Haggerty, James D. Garraux, and Larry G. Schultz, or any one of them, my true and lawful
attorneys-in-fact, each with the power of substitution and resubstitution, to sign, execute and
file for me and on my behalf a registration statement registering three (3) million shares of
United States Steel Corporation common stock to be issued in connection with a Dividend
Reinvestment and Stock Purchase Plan, on forms prescribed by the Securities and Exchange Commission
(collectively, Registration Statements), and any and all amendments to the Registration
Statements or further registration statements to be filed with the Securities and Exchange
Commission pursuant to the Securities Act of 1933, as amended, in such form as they or any one or
more of them may approve, and to do any and all other acts which said attorneys-in-fact may deem
necessary or desirable to enable United States Steel Corporation to comply with said Act and the
rules and regulations promulgated thereunder.
IN WITNESS WHEREOF, I have hereunto set my hand this 24th day of February, 2009.
/s/ John G. Drosdick
John G. Drosdick
POWER OF ATTORNEY
KNOW ALL MEN BY THESE PRESENTS:
That, the undersigned does hereby make, constitute and appoint John P. Surma, Jr., Gretchen R.

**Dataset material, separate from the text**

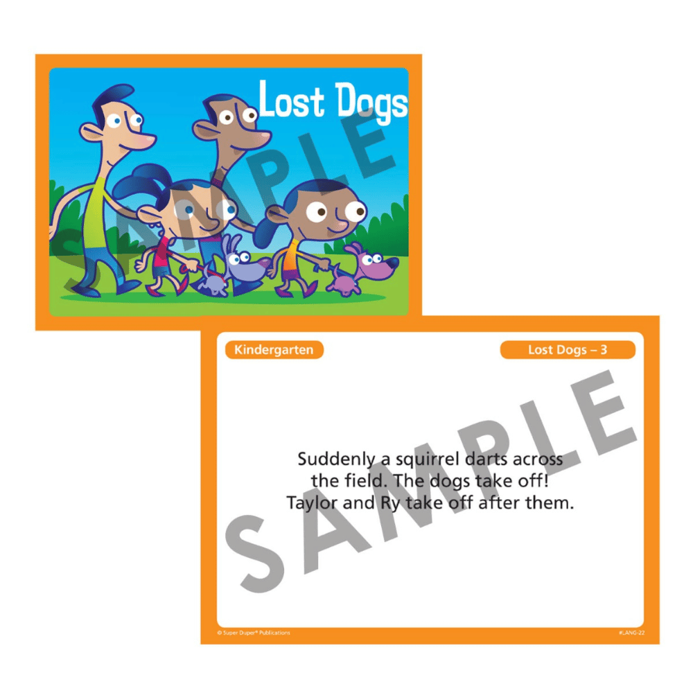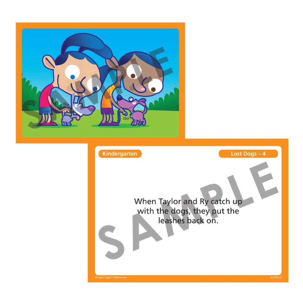 Language LAB targets verbs (regular and irregular tenses), adverbs, nouns (regular and irregular plurals), adjectives, and connected speech (clauses, conjunctions, negatives, direct and indirect objects). It also includes a Story Station with scripted lessons for teaching narrative skills at three levels: kindergarten, 1st–2nd grade, and 3rd–4th grade. Students learn to use basic story grammar components to retell a story, create a story, and add “sparkle” and cohesiveness to the stories they create. During these scripted Story Station lessons, the SLP closely monitors the use of target language skills.

Haggerty, James D. Garraux, and Larry G. Schultz, or any one of them, my true and lawful
attorneys-in-fact, each with the power of substitution and resubstitution, to sign, execute and
file for me and on my behalf a registration statement registering three (3) million shares of
United States Steel Corporation common stock to be issued in connection with a Dividend
Reinvestment and Stock Purchase Plan, on forms prescribed by the Securities and Exchange Commission
(collectively, Registration Statements), and any and all amendments to the Registration
Statements or further registration statements to be filed with the Securities and Exchange
Commission pursuant to the Securities Act of 1933, as amended, in such form as they or any one or
more of them may approve, and to do any and all other acts which said attorneys-in-fact may deem
necessary or desirable to enable United States Steel Corporation to comply with said Act and the
rules and regulations promulgated thereunder.
IN WITNESS WHEREOF, I have hereunto set my hand this 24th day of February, 2009.
/s/ Richard A. Gephardt
Richard A. Gephardt
POWER OF ATTORNEY
KNOW ALL MEN BY THESE PRESENTS:
That, the undersigned does hereby make, constitute and appoint John P. Surma, Jr., Gretchen R.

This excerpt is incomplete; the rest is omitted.